- [Problem statement] With the pictures removed, please write out every line below exactly as given.

- [Raw data]
==============================
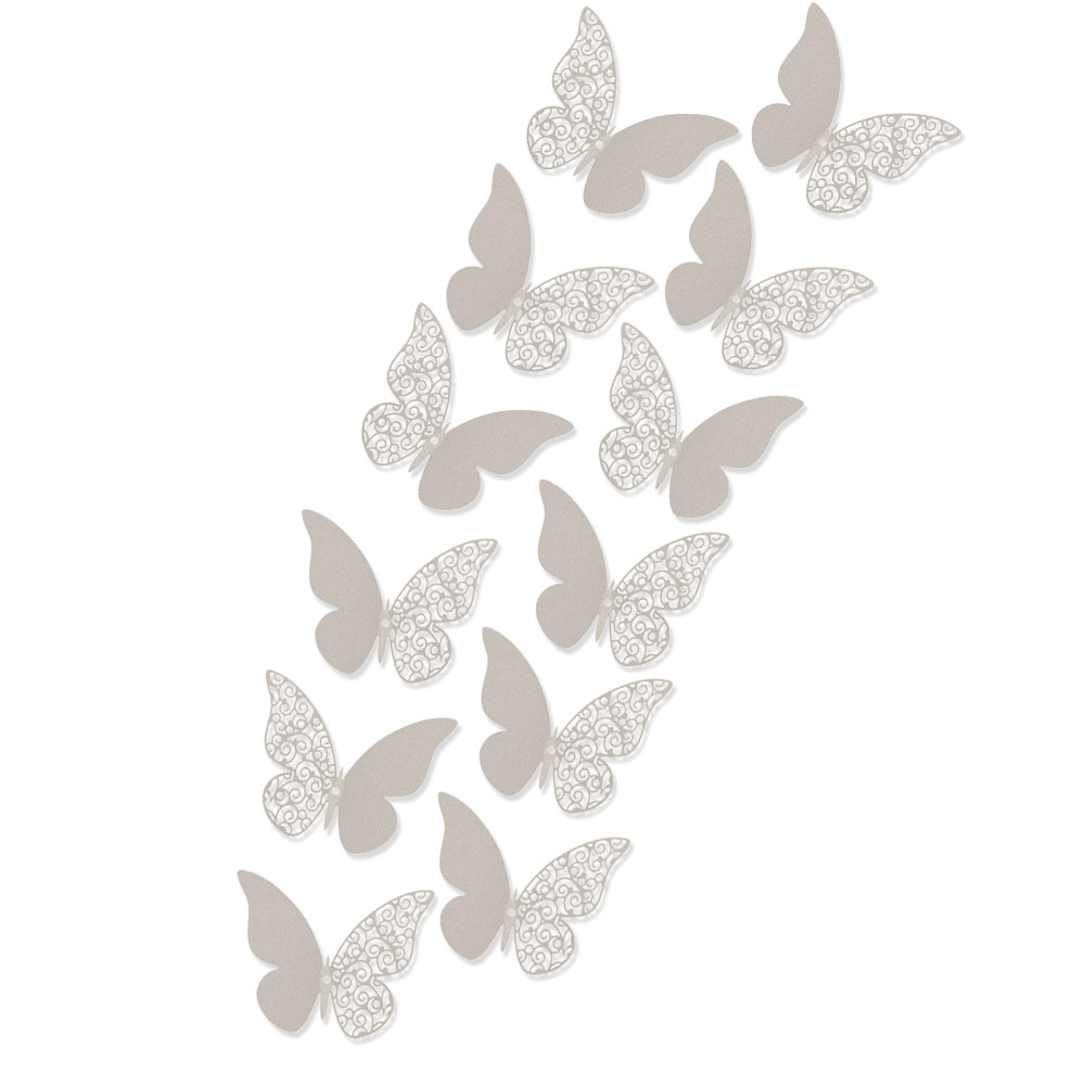 Бабочка из перламутровой бумаги, перфорация исполнена лазерной резкой, крепятся с помощью силиконовой липучки.
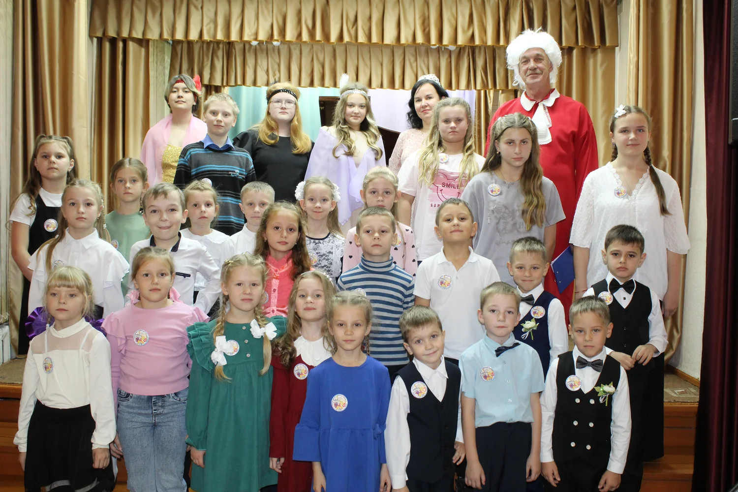 Главная » 2025 Октябрь 23 » Посвящение в первоклассники Посвящение в первоклассники 22 октября в зале Детской школы искусств № 31 прошел праздник «Посвящение в первоклассники».Учащихся 1 класса встретили творческие музы Эвтерпа – муза музыки, Мельпомена – муза театра и магистр творческих искусств, которые провели небольшое испытание для посвящаемых. Фальшивая нота появившаяся на сцене пыталась сбить ребят с правильных ответов, но первоклассники ответили правильно на все творческие загадки. В роли музы фальшивой ноты и магистра выступили учащиеся отделения театрального искусства со своим педагогом. Участникам торжества был дан небольшой праздничный концерт, в котором выступили ученики отделений Детской школы искусств № 31. В финале мероприятия, после принятия клятвы заведующая учебной частью школы Н.А. Чухрова вручила первоклассникам памятные значки.
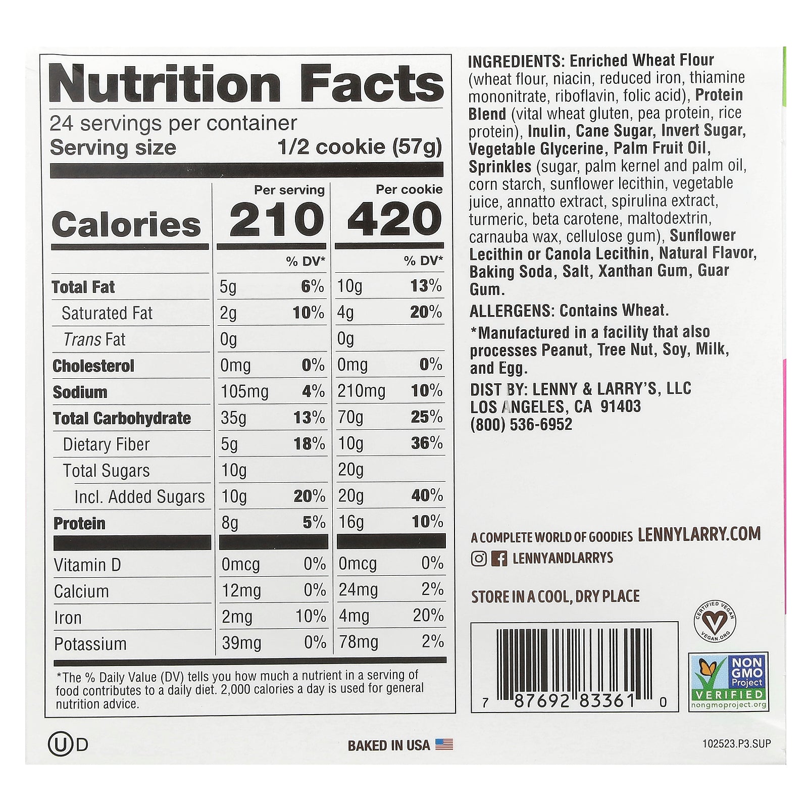 Enriched wheat flour (wheat flour, niacin, reduced iron, thiamine mononitrate, riboflavin, folic acid), protein blend (vital wheat gluten, pea protein, rice protein), inulin, cane sugar, invert sugar, vegetable glycerine, palm fruit oil, sprinkles (sugar, palm kernel and palm oil, corn starch, sunflower lecithin, vegetable juice, annatto extract, spirulina extract, turmeric, beta carotene, maltodextrin, carnauba wax, cellulose gum), sunflower lecithin or canola lecithin, natural flavor, baking soda, salt, xanthan gum, guar gum.
==============================
- [Response]
 Бабочка из перламутровой бумаги, перфорация исполнена лазерной резкой, крепятся с помощью силиконовой липучки.
 Главная » 2025 Октябрь 23 » Посвящение в первоклассники Посвящение в первоклассники 22 октября в зале Детской школы искусств № 31 прошел праздник «Посвящение в первоклассники».Учащихся 1 класса встретили творческие музы Эвтерпа – муза музыки, Мельпомена – муза театра и магистр творческих искусств, которые провели небольшое испытание для посвящаемых. Фальшивая нота появившаяся на сцене пыталась сбить ребят с правильных ответов, но первоклассники ответили правильно на все творческие загадки. В роли музы фальшивой ноты и магистра выступили учащиеся отделения театрального искусства со своим педагогом. Участникам торжества был дан небольшой праздничный концерт, в котором выступили ученики отделений Детской школы искусств № 31. В финале мероприятия, после принятия клятвы заведующая учебной частью школы Н.А. Чухрова вручила первоклассникам памятные значки.
 Enriched wheat flour (wheat flour, niacin, reduced iron, thiamine mononitrate, riboflavin, folic acid), protein blend (vital wheat gluten, pea protein, rice protein), inulin, cane sugar, invert sugar, vegetable glycerine, palm fruit oil, sprinkles (sugar, palm kernel and palm oil, corn starch, sunflower lecithin, vegetable juice, annatto extract, spirulina extract, turmeric, beta carotene, maltodextrin, carnauba wax, cellulose gum), sunflower lecithin or canola lecithin, natural flavor, baking soda, salt, xanthan gum, guar gum.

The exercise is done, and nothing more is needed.